8

I'm trying to upload big file (~900MB) via Dropbox API v2 but I'm getting this error:

requests.exceptions.ConnectionError: ('Connection aborted.', ConnectionResetError(104, 'Connection reset by peer'))

It works ok with smaller files.

I found in documentation that I need to open upload session using files_upload_session_start method but I have an error on this command and I can't go further with ._append methods.

How can I solve this problem? There're no info in docs.
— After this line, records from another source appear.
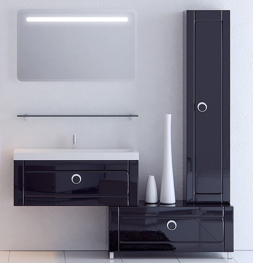 Длинная тумба Aqwella 5 stars Н8 поможет создать стильную и гармоничную композицию с другими продуктами линейки Инфинити. Для получения яркого цвета применяется глянцевая черная эмаль. Испанский производитель FINSA гарантирует высокое качество МДФ, используемой для изготовления фасадных и боковых частей. Ящик оборудован системой плавного закрывания Blum – одного из лидеров в производстве фурнитуры. Для организации системы хранения предусмотрено разделение на отсеки. Декор Eolo на внутренних стенках ящика придает особую изысканность. Дополняют комплект раковина из искусственного мрамора и опорные ножки для напольной установки.
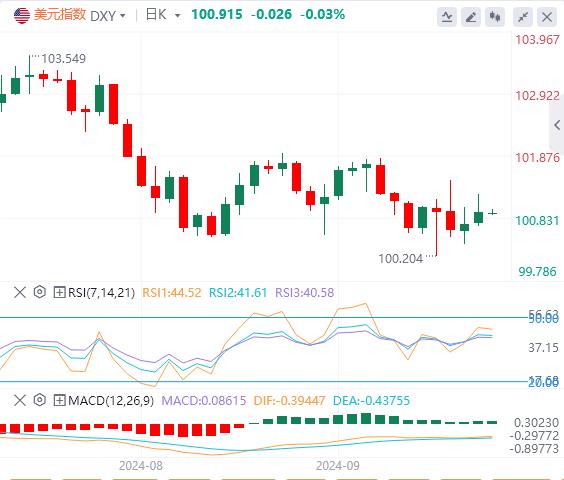 周一,美元指数整体呈倒V型走势,欧盘触及日高101.23后急转直下,尾盘再度抬头,截至目前,美元报价100.915。
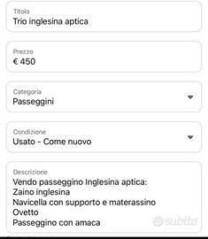 Vendo passeggino Inglesina aptica:
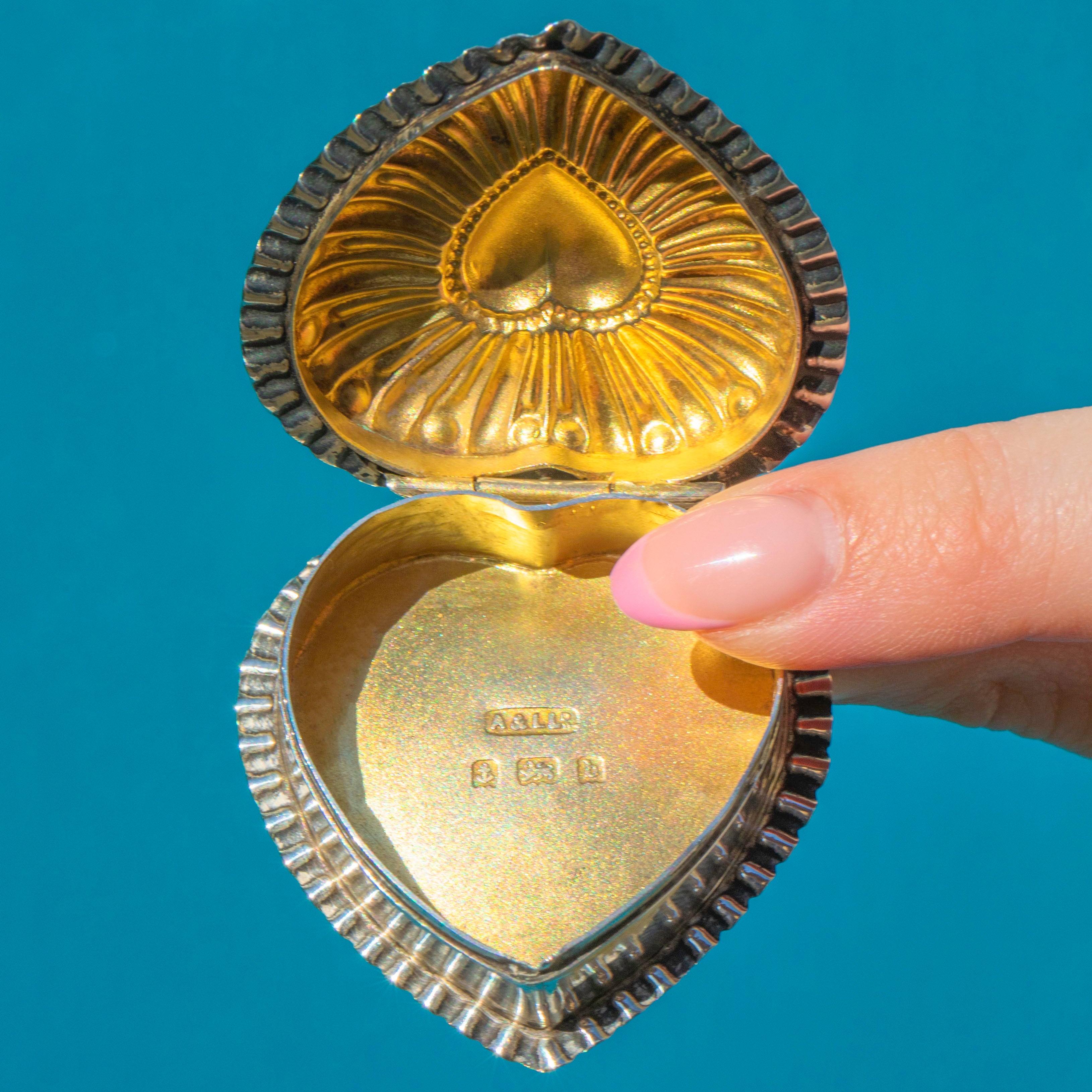 VERY GOOD. This Edwardian Silver repoussé heart trinket box is in very good condition! The repoussé detailing is pristine and flaunts a deep patina within the grooves emphasising its eye-catching form. The Gold gilt does have a few signs of wear but this does not affect her functionality and the hallmarks remain crisp allowing us to accurately date this antique collectible to 1901. With a lid that closes securely, you can store your most precious trinkets with utmost confidence!
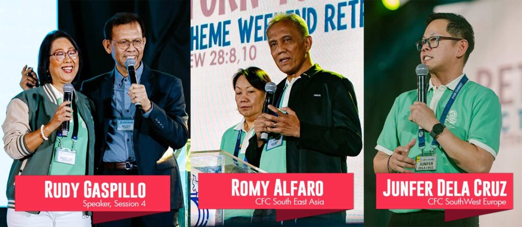 The World Mission Rosary once more opened the day, this time led by CFC Northeastern Luzon’s Tony and Liza Dela Cruz. CFC Singapore’s Rudy Dimayacyac welcomed attendees through a worship with an impactful testimony of finding and witnessing God’s powerful grace at work in all circumstances, and for him, it was when he was diagnosed with cancer. Indeed, it was a day of learning and reflection as attendees understood what it meant to “Rejoice! Take courage! Return to Galilee!”
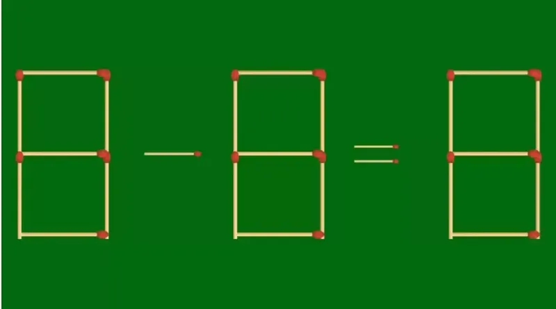 Avem ecuația: 8-8=8 din bețe de chibrit la fel cum este prezentată în imaginea de mai sus. Este greșită dar dacă scoatem un singur băț, găsim forma corectă.
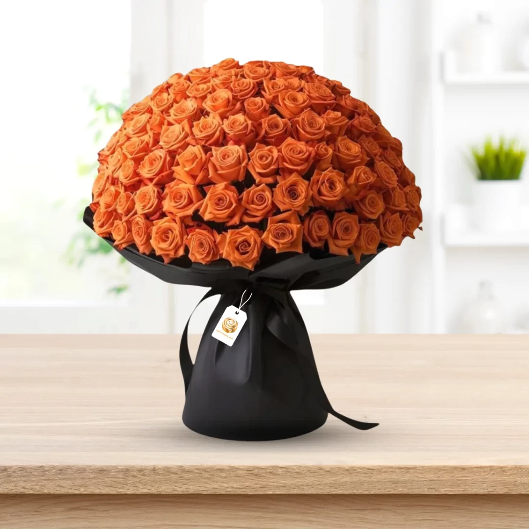 ♦ 100 ORANGE ROSES WITH BLACK WRAPPING
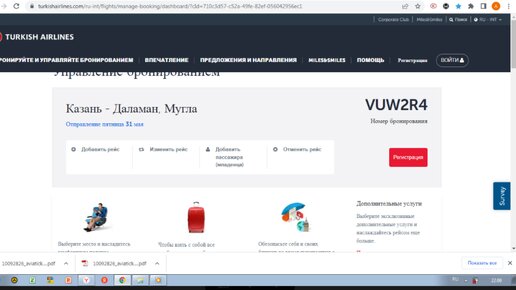 Переходим на сайт https://www.turkishairlines.com/ru-int выбираем вкладку "Бронируйте и управляйте бронированием" , а далее "Управление бронированием" или же можно с самого начала перейти на эту страницу по прямой ссылке - - https://www.turkishairlines.com/ru-int/flights/manage-booking/ Вставляем из ваших документов номер билета и фамилию пассажира Мы попадаем на бронь нашего заказа - нажимаем "Регистрация" Здесь можно добавить до 9 пассажиров для поиска. Вводим на каждого человека номер билета и фамилию...
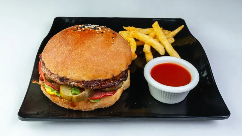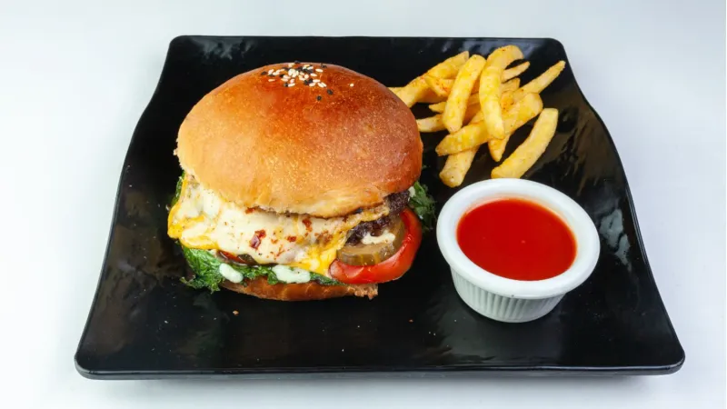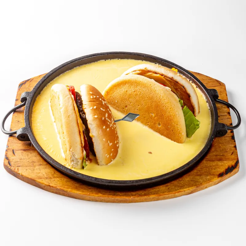 Говяжья котлета килиманджаро, куриная и говяжья котлета в панировке,фри, фирменный соус,
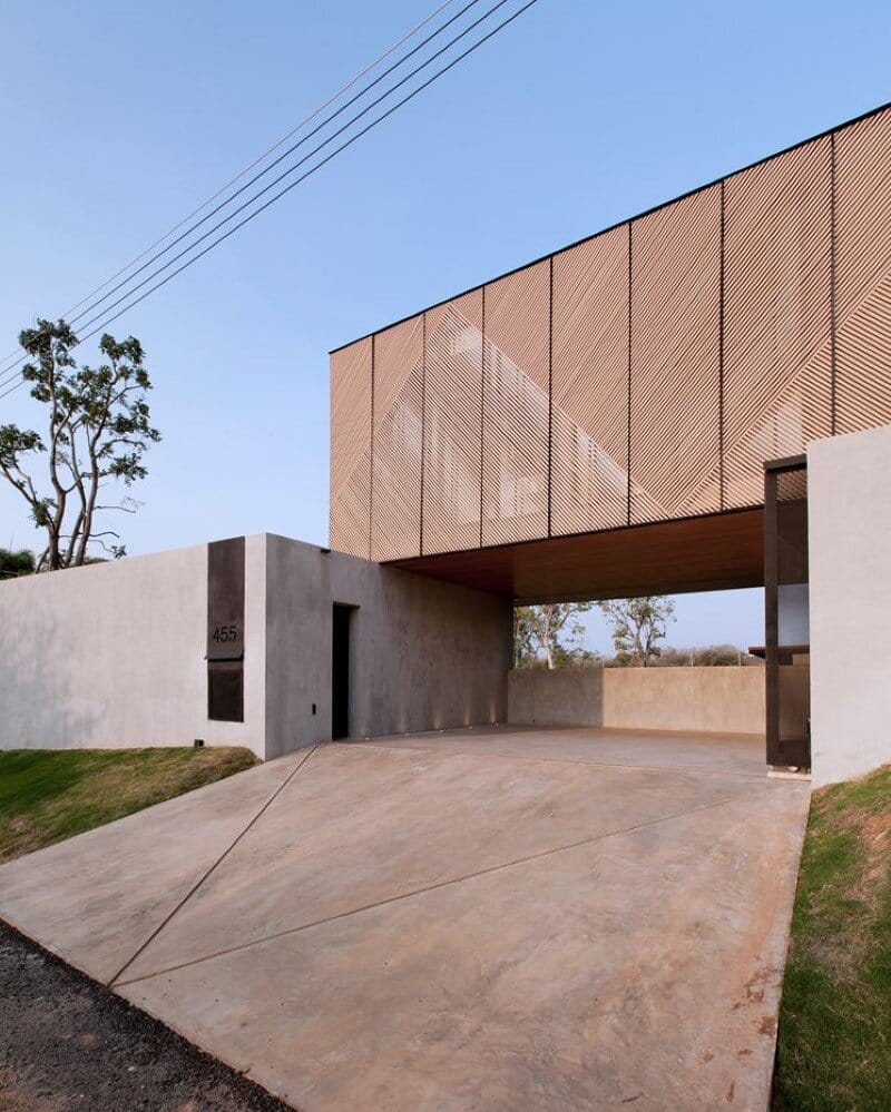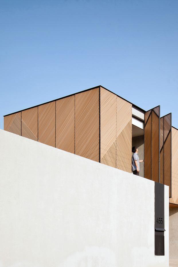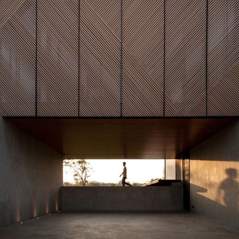 The house was wrapped by triangular wooden lath creating diverse degree of openness though different points of view and times. Light and shadow play an important role in different times of the day. In the morning, the soft light will flow to the bedrooms creating a playful shadow around the area. In the afternoon, light will flow to the living area and hallways. The lath can be opened. It acts as a sunshade, a visual screen for AC compressor, additionally creating lively shadows in the house and adding privacy to the owners during the night time. Visit Idin Architects

I'm using Python 3.5.1 and latest dropbox module installed using pip.

Here's code which I'm running to:

c = Dropbox(access_token)
f = open("D:\\Programs\\ubuntu-13.10-desktop-amd64.iso", "rb")
result = c.files_upload_session_start(f)
f.seek(0, os.SEEK_END)
size = f.tell()
c.files_upload_session_finish(f,     files.UploadSessionCursor(result.session_id, size), files.CommitInfo("/test900.iso"))
taras
  • 6,566
  • 10
  • 39
  • 50
gosen
  • 103
  • 2
  • 6

3 Answers3

30

For large files like this, you'll need to use upload sessions. Otherwise, you'll run in to issues like the error you posted.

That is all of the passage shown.